Not once has Tucker said long snapper Nick Moore or holder Jordan Stout need to do anything different, but they each know the misses fall on the entire unit.
"I think we're doing all we can each time to go out there and do our job. And that's all three of us – me, Nick, and Justin," Stout said. "Justin said it before, we work as a unit. There's never going to be one person that's singled out, and that's just how we are.
"I feel like when he misses, I miss too. That's how I feel about it. We are one."
Tucker has now missed seven kicks this season – six field goals and an extra point – and is coming off a two-miss game in Pittsburgh where the Ravens lost by two points. Tucker now has more misses than he did all of last season and his seven total misses, including extra points, ties a career high.

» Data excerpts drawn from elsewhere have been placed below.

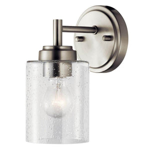 Winslow 1-Light Brushed Nickel Bathroom Indoor Wall Sconce Light with Clear Seeded Glass Shade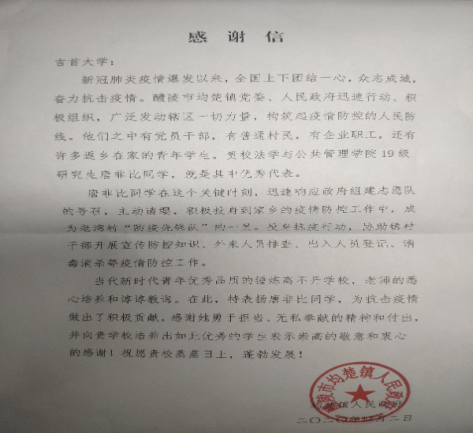 醴陵市均楚镇政府特此为唐非比同学的防疫先锋行为颁发了感谢信,对bv伟德国际1946培养表达了高度的赞扬。我们感受到唐非比同学为抗击疫情所做的努力,这是我们bv伟德国际1946伟德国际VICTOR1946学子的先锋模范,是法管学学子为抗击疫情所做的表率。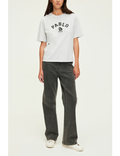 100 % coton flammé, forme droite, longueur standard, col rond, manches courtes, motif sérigraphié. La mannequin mesure 180 cm et porte une taille 2.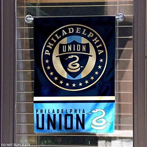 Details: Perfect for your garden or home entrance is our Flag, Banner or Pennant. This double sided League Garden Flag measures a large 12.5" x 18", has a Double Stitched border, a 1.5 inch top sleeve, and is made of 2 ply Polyester with liner so the logos are Viewable and Readable Correctly on Both Sides. The Screen Printed Philadelphia Union logos are Officially Licensed and Approved by the League and Team, College, or University Approved. (Flag Only, Accessories Sold Separately)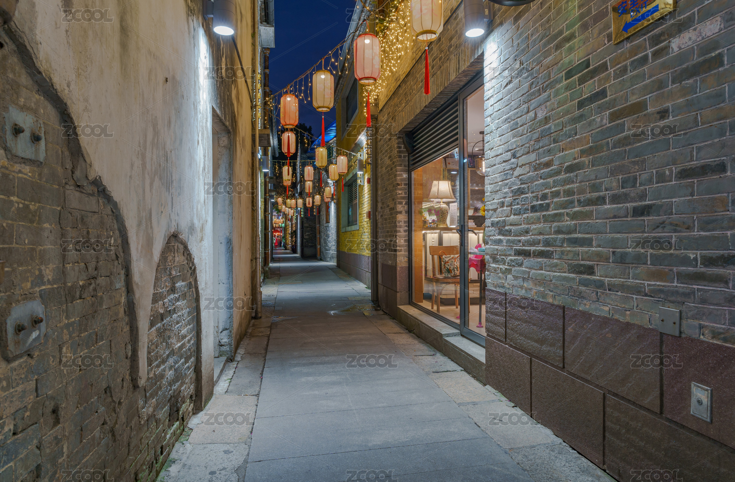 佛山嶺南天地中式傳統(tǒng)古鎮(zhèn)古巷街區(qū)夜景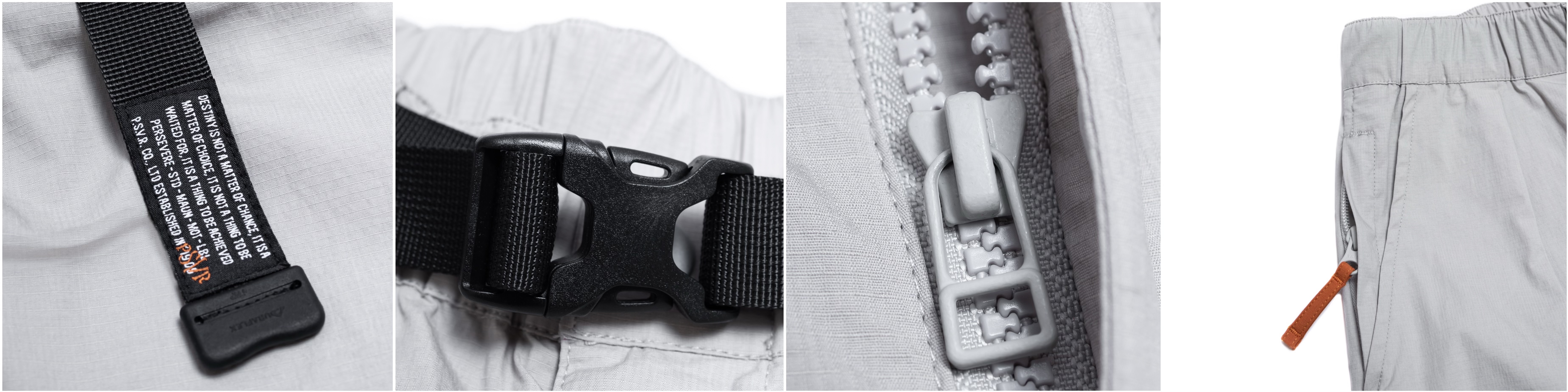 ● 腰圍以全鬆緊帶為基礎,搭配美國DURAFLEX尾夾的可拆式3M腰帶設計,滿足多元尺寸需求,同時增添穿著便利性。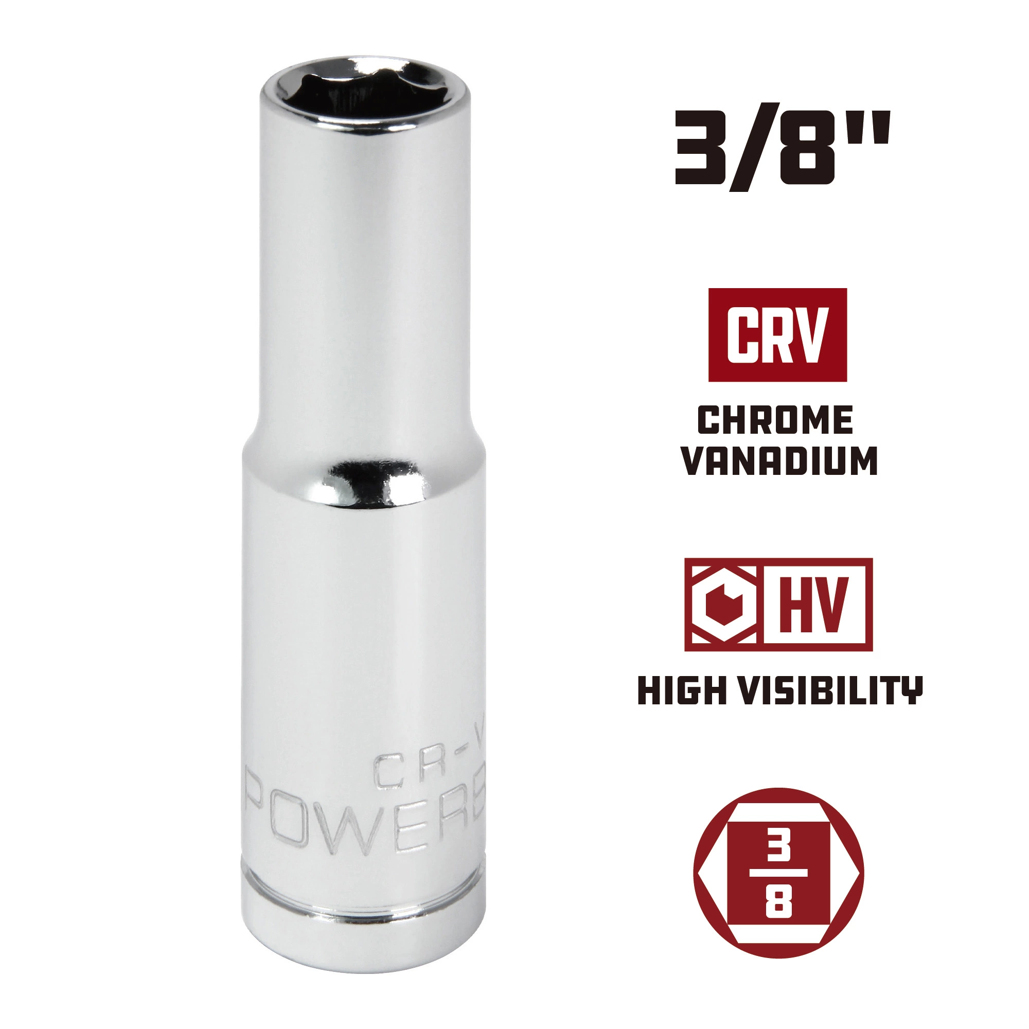 Powerbuilt Sockets are made from high grade Chrome Vanadium Steel and feature a mirror polished chrome plated finish for superior durability and corrosion resistance. Each Powerbuilt socket is cold forged, heat treated and produced with precision tolerances.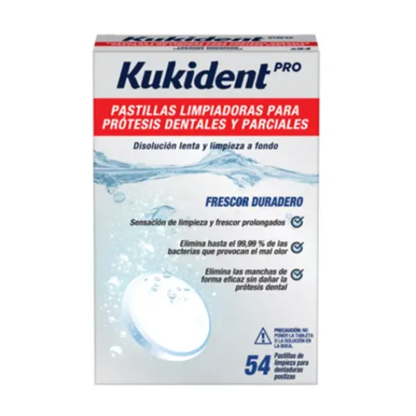 Las pastillas limpiadoras Kukident Pro Frescor Duradero eliminan las manchas de forma eficaz sin dañar la prótesis dental.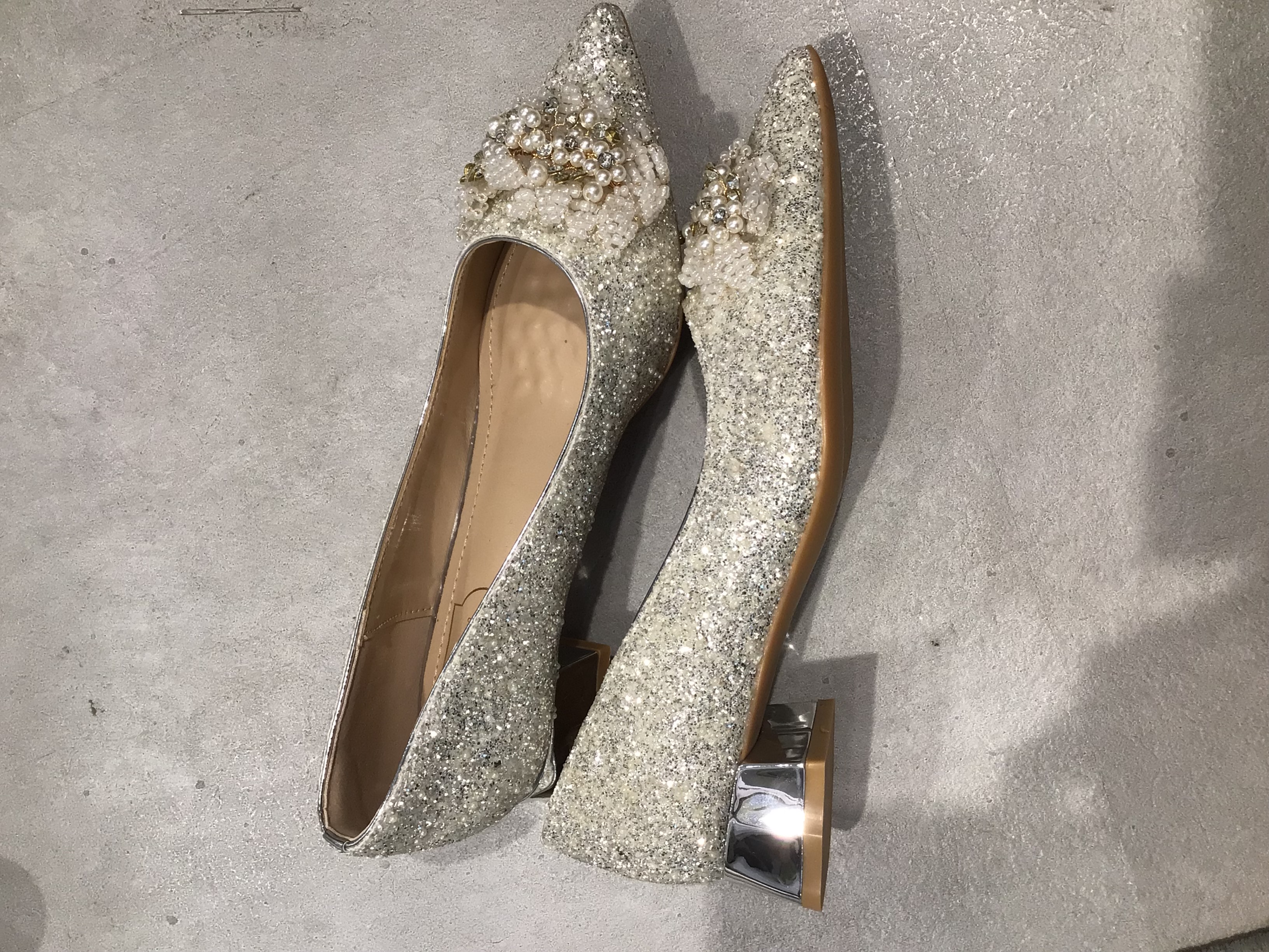 【パンプス】シルバーラメ パールビーズモチーフ 23.5 3cmヒール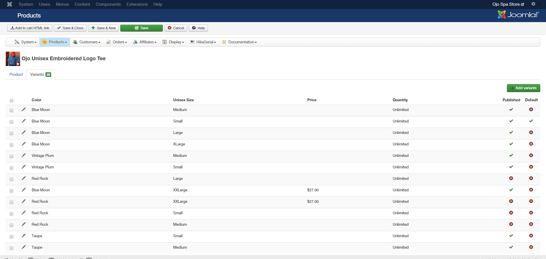 In the variants tab of a product, I have un-published all of the variants of a specific color (Red). After saving my updates and clearing both the Joomla cache and my browser cache, the Red color option is still showing on the product page.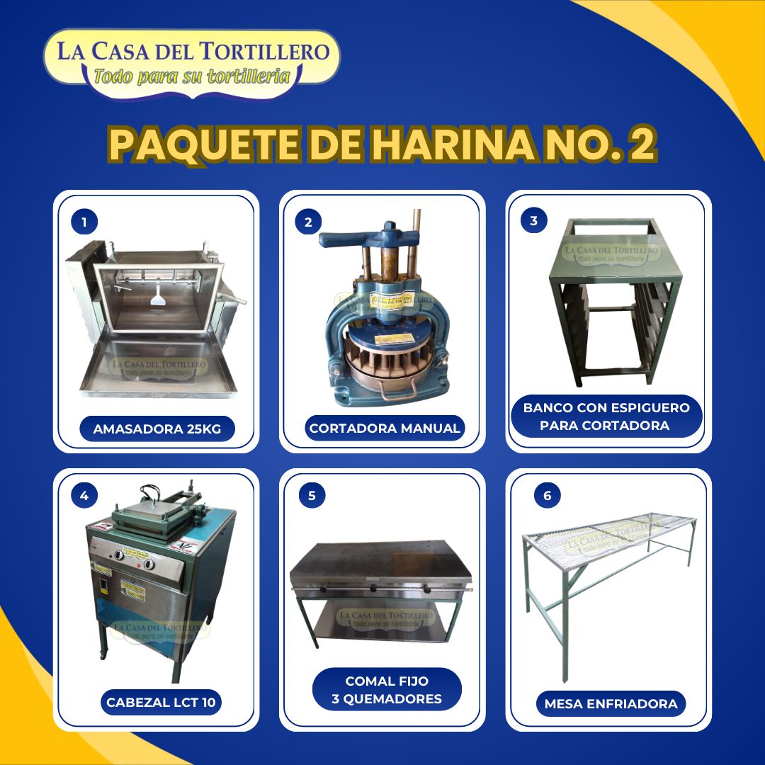 PaquetesAMASADORA 50 KG, CORTADORA MANUAL, BANCO CON ESPIGUERO PARA CORTADORA MANUAL, BOLEADORA LCT, CABEZAL DOBLE LCT, COMAL DE 3 QUEMADORES, ENFRIADOR DE MESA DE 1.85 METROS.

Tucker continues to shoulder all of the blame, but those around him know they're a collective unit.
"[Tucker] does a really good job of not passing blame on anybody and taking accountability for when things go awry, but like I said, the three of us are a unit, so yeah, we can all do something better," Moore said.
"Obviously, we know we can make those kicks, and we're supposed to make those kicks [to] help our team win a game. And I think from top to bottom everything starts with me, so I can always do a better job getting more consistent snap."
All of Tucker's misses this season have been wide left, which has been a theme around the NFL this season. Eagles kicker Jake Elliott missed three kicks wide left last week and five of the six missed field goals from the Bengals' Evan McPherson have been to the left.
After misfiring on his first two attempts Sunday, Tucker drilled a 54-yarder by aiming further to the right.
"It's our job to adjust for that, and since we know that, then we need to aim more right or just adjust in situations, and I think that's what we're kind of working towards," Stout said.
Missing kicks has not been common around Baltimore. Tucker has been as steady as they come for the past decade-plus. That's what has made this season so surprising, but everyone around him believes things will get back on track.
"Tuck's just been so consistent for so long everyone's kind of panicking a little bit but there's no panic in our group," Moore said. "We're just going to keep doing what we've always done here and continue to give our team the best chance to win."
"It shows that everyone's human," Stout added. "Nobody's perfect. Nobody. I told him yesterday, he's going to come out of this and he's going to be a hundred times the person and the kicker then he was before and he's going to be that much greater."
The Ravens have at least six games remaining this season, and Tucker surely has some high-leverage kicks on the horizon. Head Coach John Harbaugh expressed his faith in Tucker going forward, and Tucker said he wants to reward that.
And right now, there's confidence from Tucker's unit that he will back up his word.
"There's nobody alive or dead that I'd rather have kicking the ball for us," Moore said. "He gives us the best chance to make every kick that we have and some kicks that a lot of other teams don't have so you know he's been around the league a long time he's played in a lot of games he's made a lot of big-time kicks and there's nobody else I'd rather have on my team."